→ RECORDS:
☆ ☆ ☆ ☆ ☆

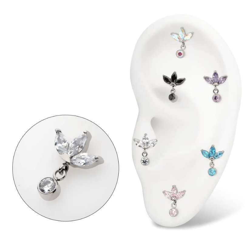 Titanium threadless Marquise Fan met Zirkonia bedel
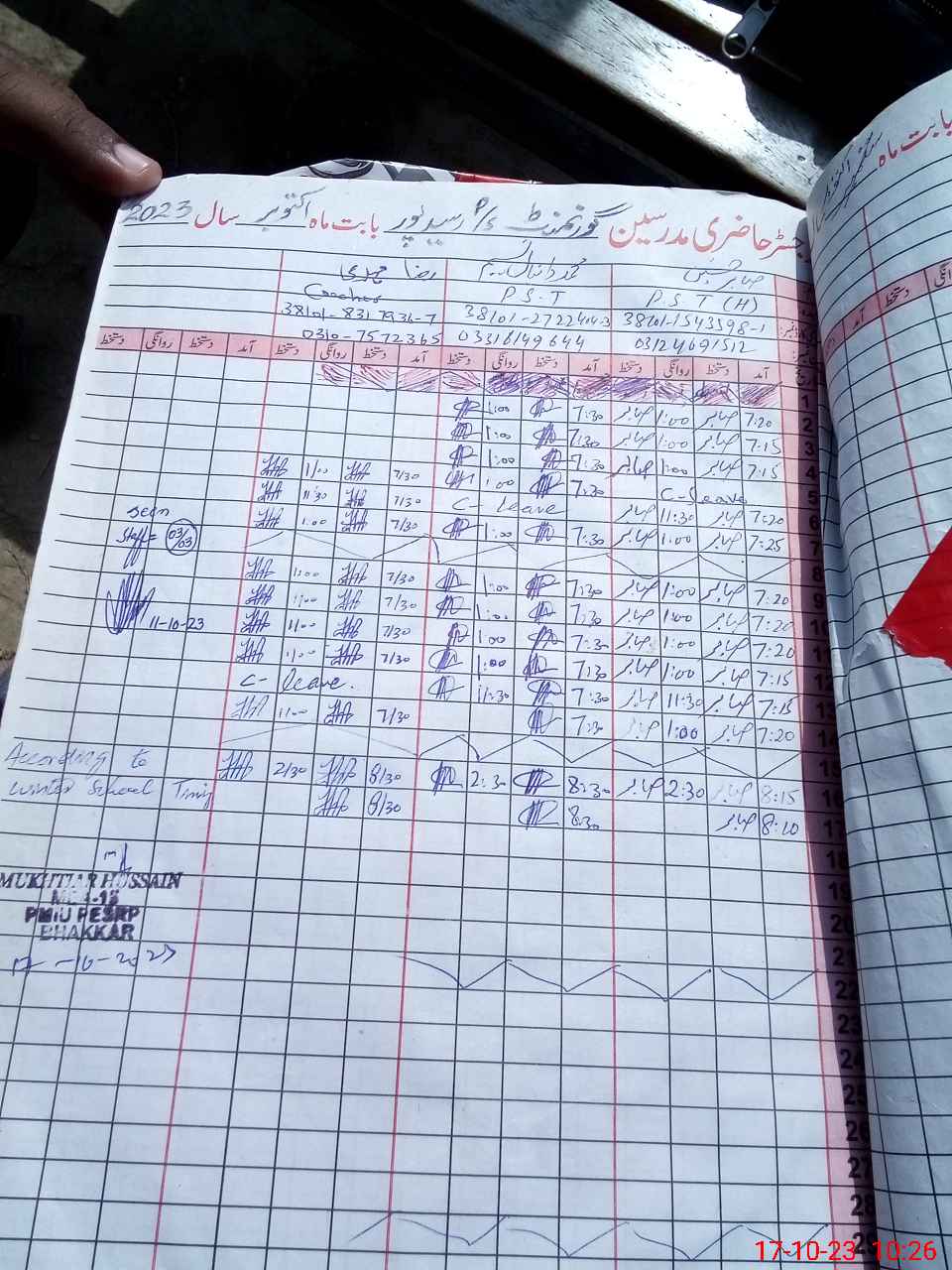 | Name: SA**** HU**** Designation: (School Headmaster's/Headmistress's) PST Phone/Cell Number: 03**** |
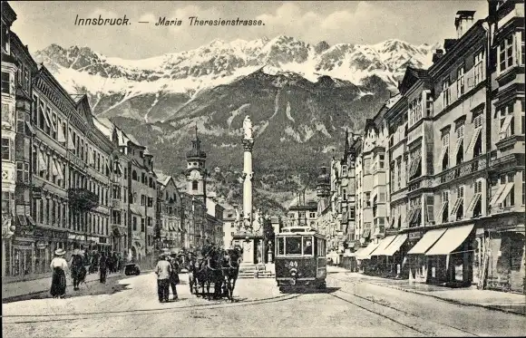 Ak Innsbruck in Tirol, Maria Theresienstraße, Straßenbahn, Kutsche, Geschäfte, Säule
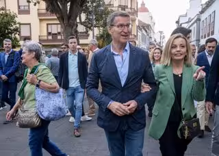 El presidente del Partido Popular, Alberto Nuñez Feijóo y la candidata a la Alcaldía de La Laguna, Ana Zurita, durante un paseo por San Cristobal de La Laguna, a 22 de mayo de 2023, en San Cristóbal de La Laguna, Tenerife, Islas Canarias (España). Feijó - Estefanía Briganty - Europa Press
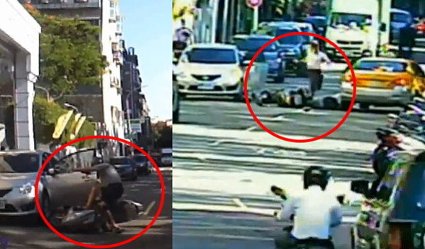 根據行車記錄器畫面,一輛轎車臨停在士林區的黃線上,駕駛卻突然開門,導致同向經過的一名騎士根本來不及閃,連人帶車撞上車門,遭對向一輛計程車輾到車底。臨停駕駛發現事情大條,趕緊打電話報案,將騎士送醫治療。
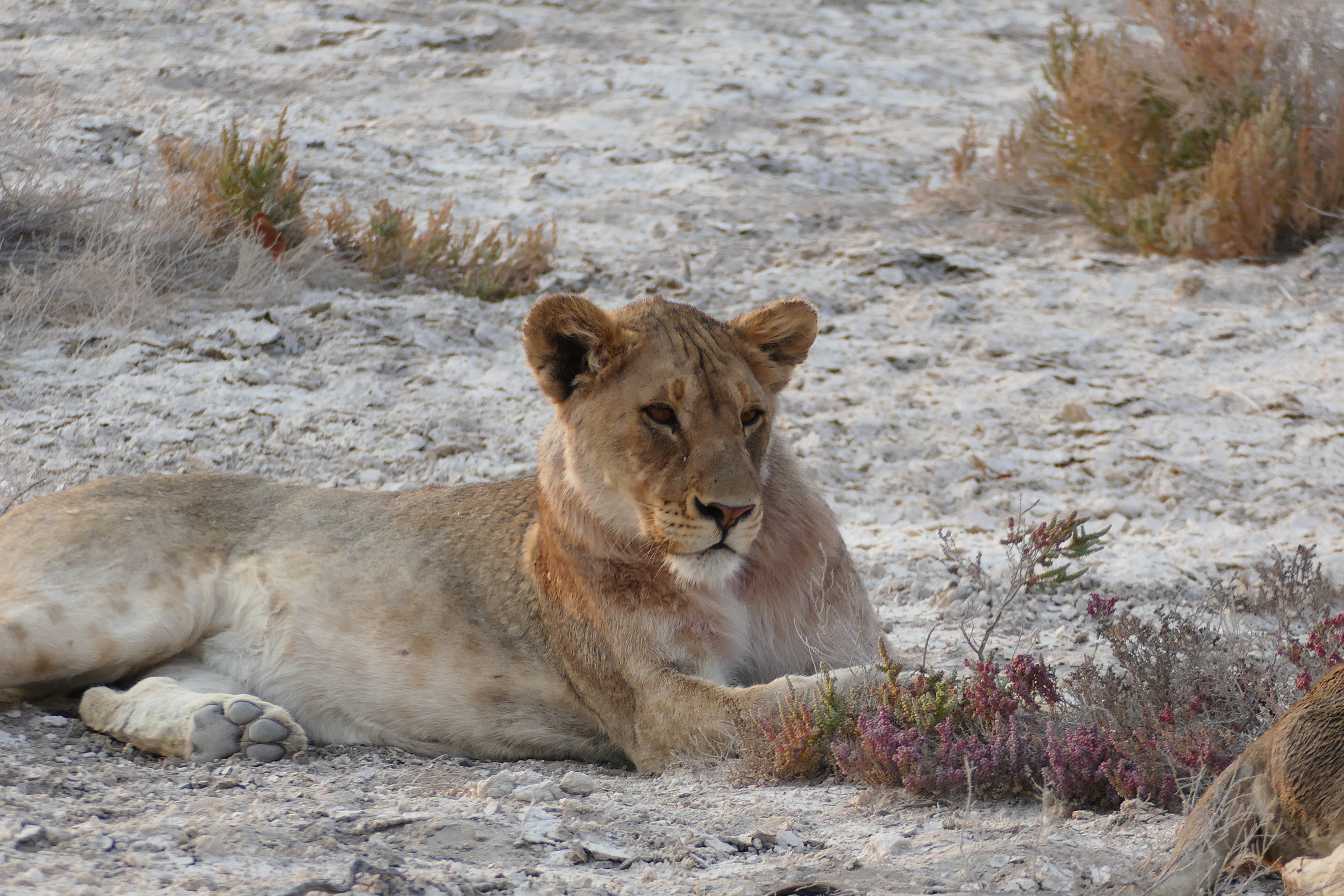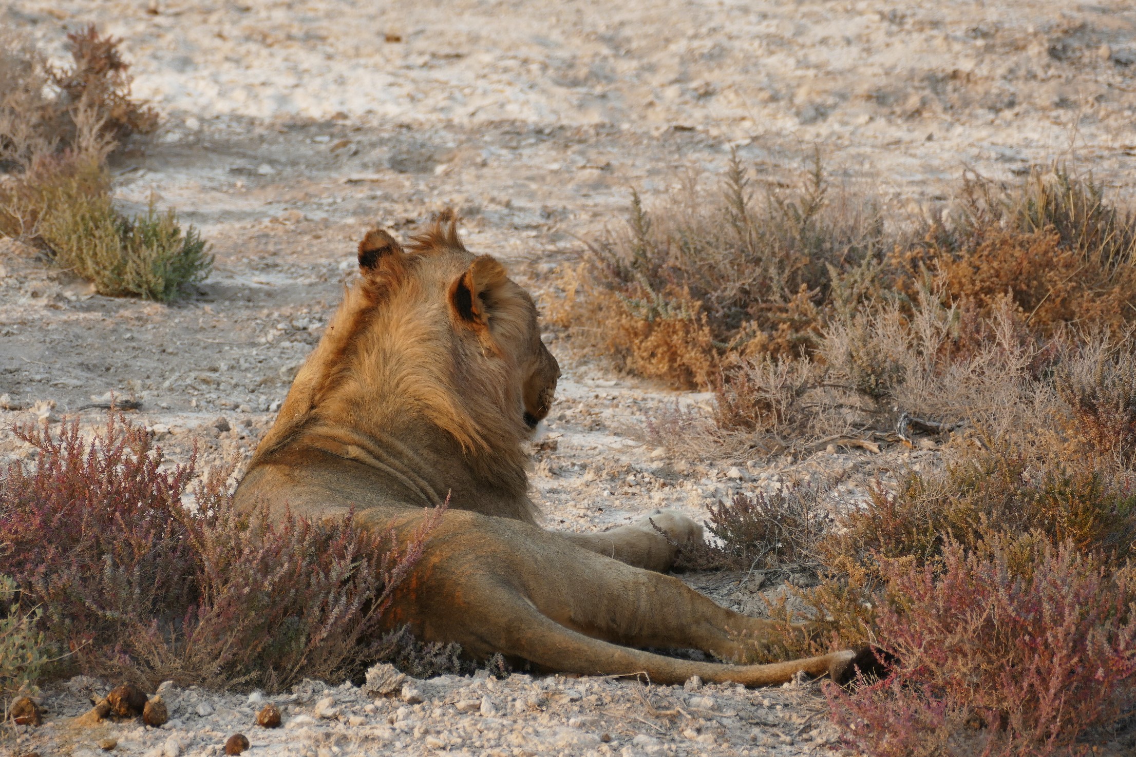 A pride of young lions was hanging around close to the road and I parked the car in a good viewing position. I counted about eight lions, most of them doing what they do best: resting.
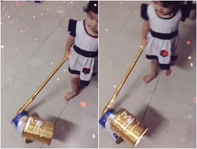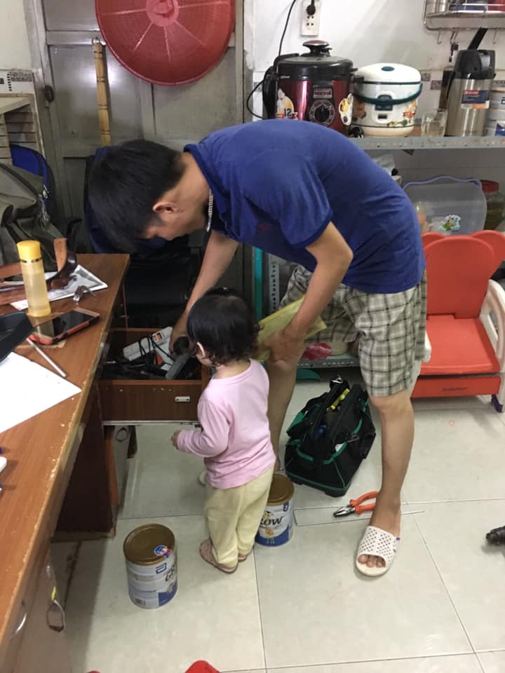 Đêm hôm trước hai bố con lọ mọ cắt cắt gọt gọt một loáng, sản phẩm cũng hoàn thành. Mít thích lắm. Hiện giờ con vẫn đang chơi vì nó cứ kêu leng keng, mình bỏ thêm loa nhỏ vào bên trong mở nhạc cho vui tai" - chị Hương Giang cho biết.
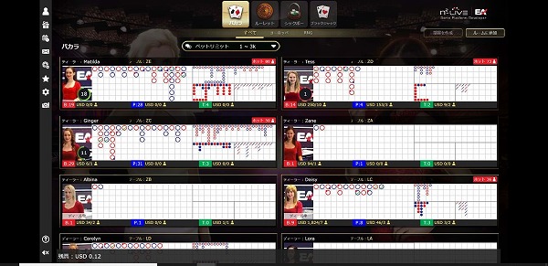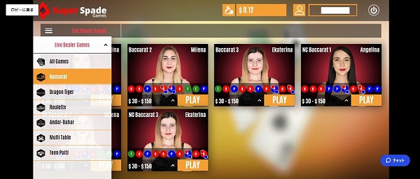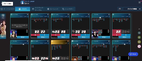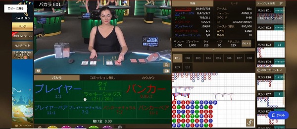 左のメニューから「バカラ」選ぶと、バカラテーブルが出てきます。

☆ ☆ ☆ ☆ ☆

Repeat, without pictures, exactly the lines of the data above from the one containing "Ak Innsbruck in" through the one containing "根據行車記錄器畫面,一輛轎車", including both and adding nothing.

→ ANSWER BOX:
 Ak Innsbruck in Tirol, Maria Theresienstraße, Straßenbahn, Kutsche, Geschäfte, Säule
 El presidente del Partido Popular, Alberto Nuñez Feijóo y la candidata a la Alcaldía de La Laguna, Ana Zurita, durante un paseo por San Cristobal de La Laguna, a 22 de mayo de 2023, en San Cristóbal de La Laguna, Tenerife, Islas Canarias (España). Feijó - Estefanía Briganty - Europa Press
 根據行車記錄器畫面,一輛轎車臨停在士林區的黃線上,駕駛卻突然開門,導致同向經過的一名騎士根本來不及閃,連人帶車撞上車門,遭對向一輛計程車輾到車底。臨停駕駛發現事情大條,趕緊打電話報案,將騎士送醫治療。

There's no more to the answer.